CARSON CITY -- Regulations that would move the state health insurance plan toward offering benefits to domestic partners, including those of the same sex, saw little comment at a meeting Thursday.

The rules were discussed briefly at a workshop during a meeting of the board of the Public Employees' Benefits Program. They are expected to be finalized by the panel in May.

They would have to win approval from the Legislative Commission, a panel of lawmakers that reviews proposed state regulations to ensure they conform with legislative intent, before they could take effect.

But it will be up to Gov. Jim Gibbons and the Legislature to decide whether to pay the estimated $3 million cost to extend health insurance benefits.

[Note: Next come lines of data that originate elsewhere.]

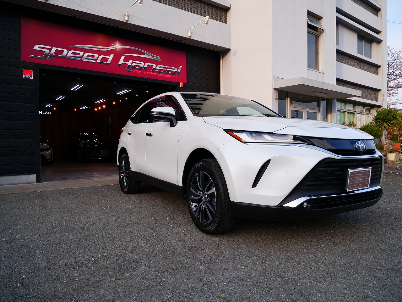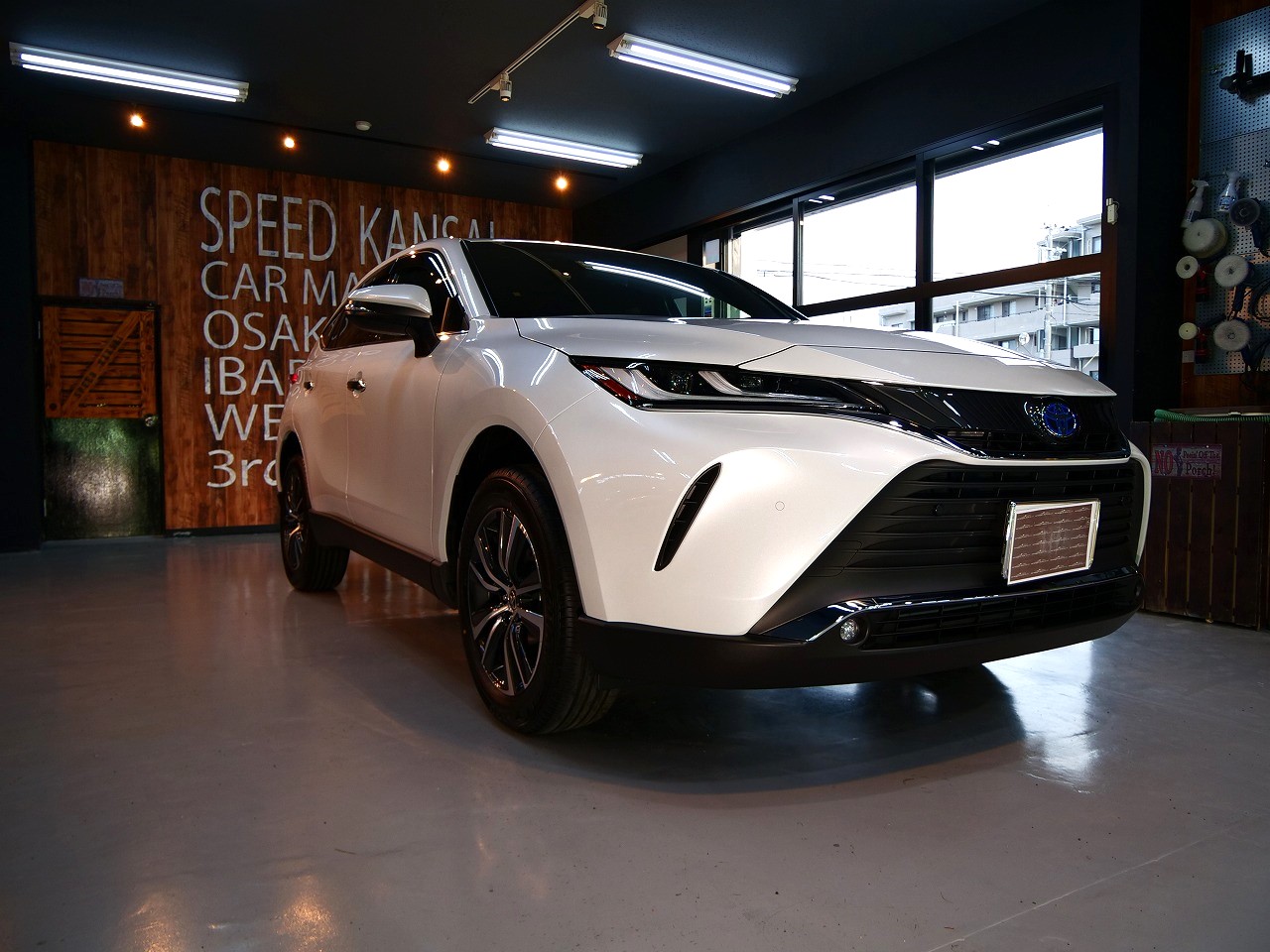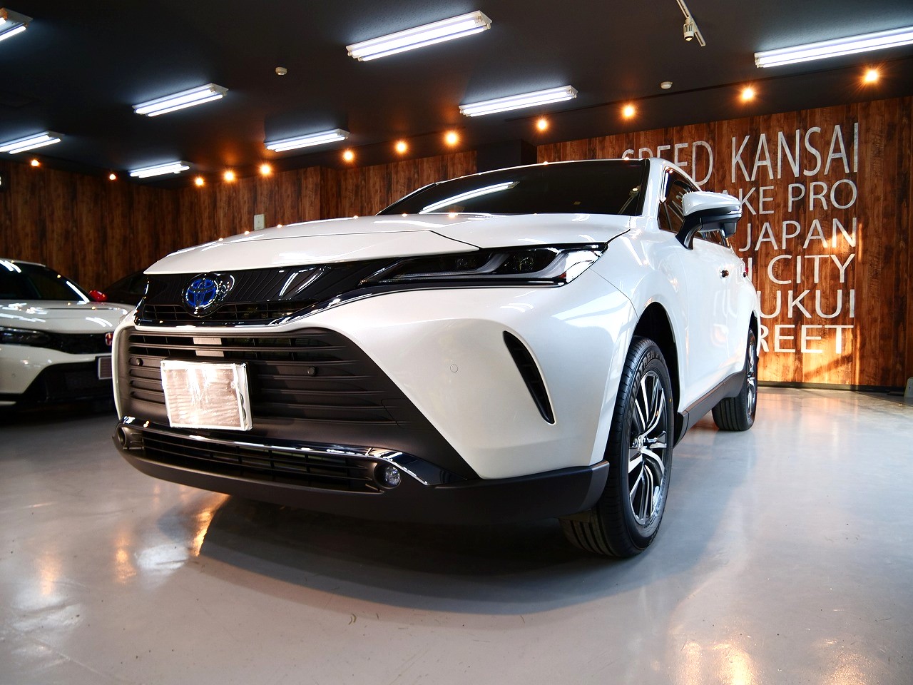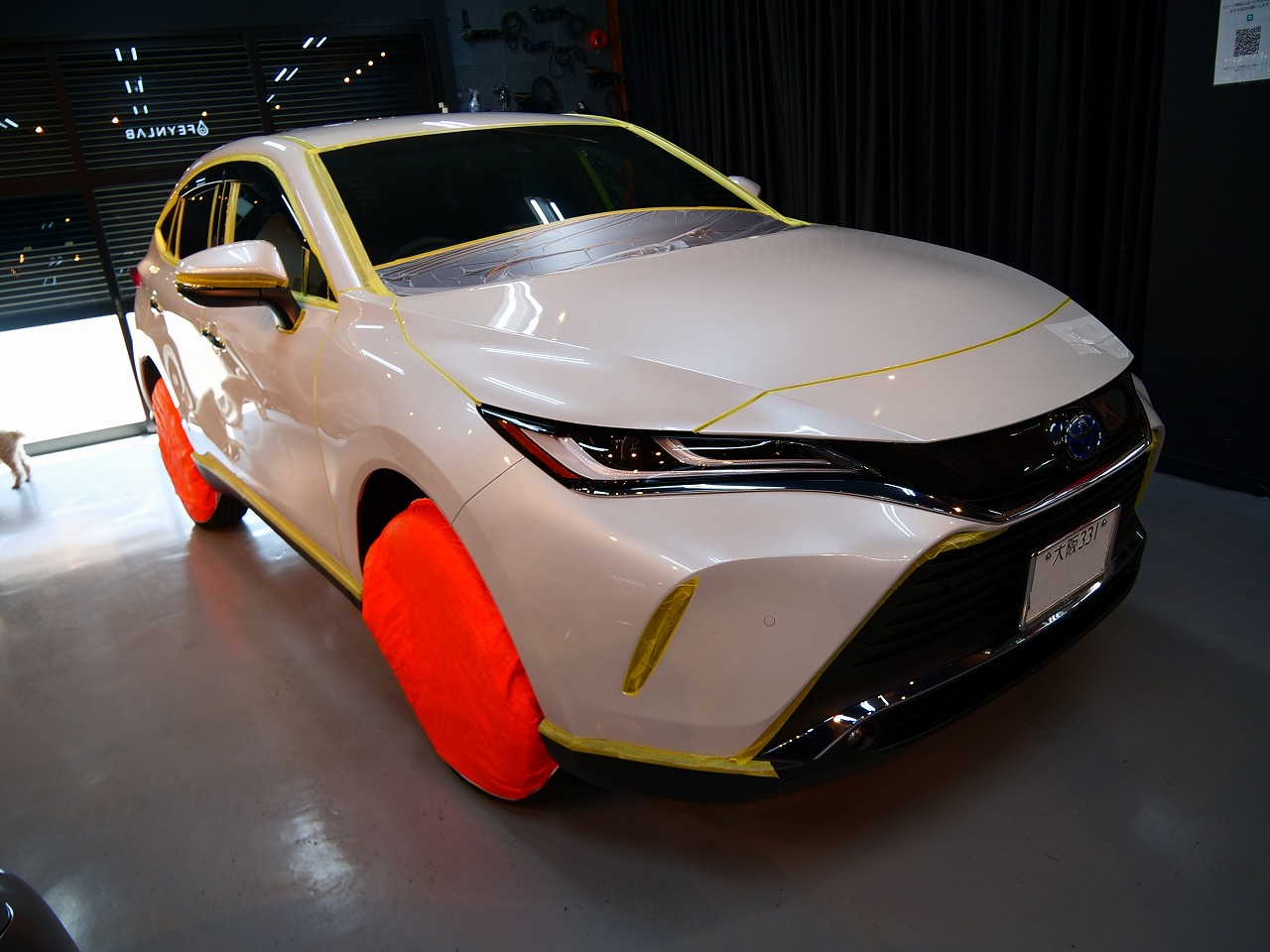 大阪府摂津市よりトヨタ ハリアーHYのご入庫です!ボディカラーはプラチナホワイトパールマイカ!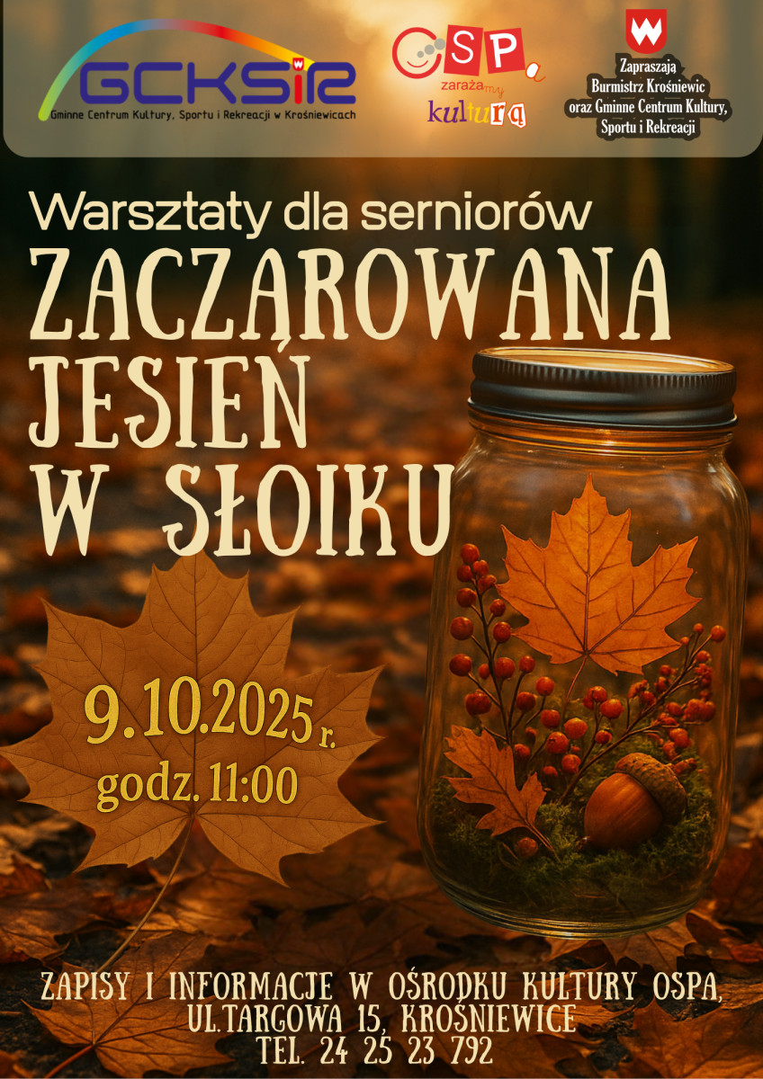W tym miesiącu nasze wydarzenia rozpoczynamy od 9 października, o godzinie 11:00 organizujemy warsztaty dla seniorów. Tutaj jest takie hasło, "Zamknij piękno jesieni w słoiku i zabierz je ze sobą do domu". A więc zapraszamy seniorów, by tą piękną jesień uwiecznić, upamiętnić, jakoś zachować w swoim sercu, ale również w pracach, które będą na tych warsztatach robione.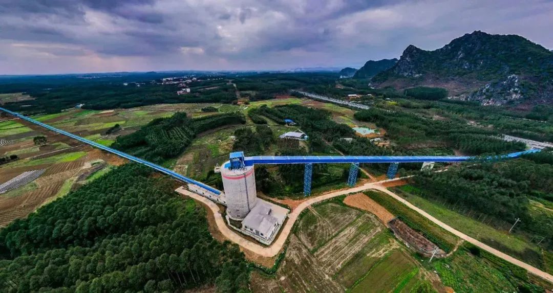 如今当这条“蓝龙”迤逦横卧于旷野之上,成为无人机爱好者于此必拍的靓丽风景线。这正是广西金鲤仅用1年时间建成投运20公里的长距离石灰石输送廊道,每小时运输石灰石达1700吨,相比原定的汽车运输方案,年节约成本7000万元。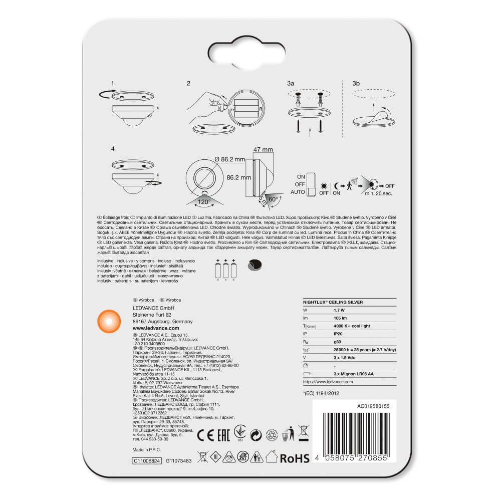Nightlux mennyezeti LED éjszakai lámpa ezüst 1,70 W 105lm 4000K IP20 Ledvance mozgásérzékelő

Without funding appropriated by the 2009 Legislature to subsidize the expansion of the health insurance to domestic partners, the expansion will not take place, said Leslie Johnstone, executive officer of the benefits program.

If funding is approved, the expansion would take effect starting July 1, 2009.

The hearing on the proposed regulations provoked no public comment.

The $3 million estimated cost over the 2009-2011 budget would provide the same subsidy that is given to state workers to cover partially the health insurance premium costs of spouses and children.

In the current low-deductible plan in the benefits program, the state pays a subsidy of $989.43 to cover the cost of health insurance for an employee and spouse. The employee pays $182.48 for the coverage.

The original request to include domestic partners in the state health plan came from the Nevada System of Higher Education.

University and college presidents told the board in June that extending benefits to partners is essential to their ability to recruit top professors and administrators.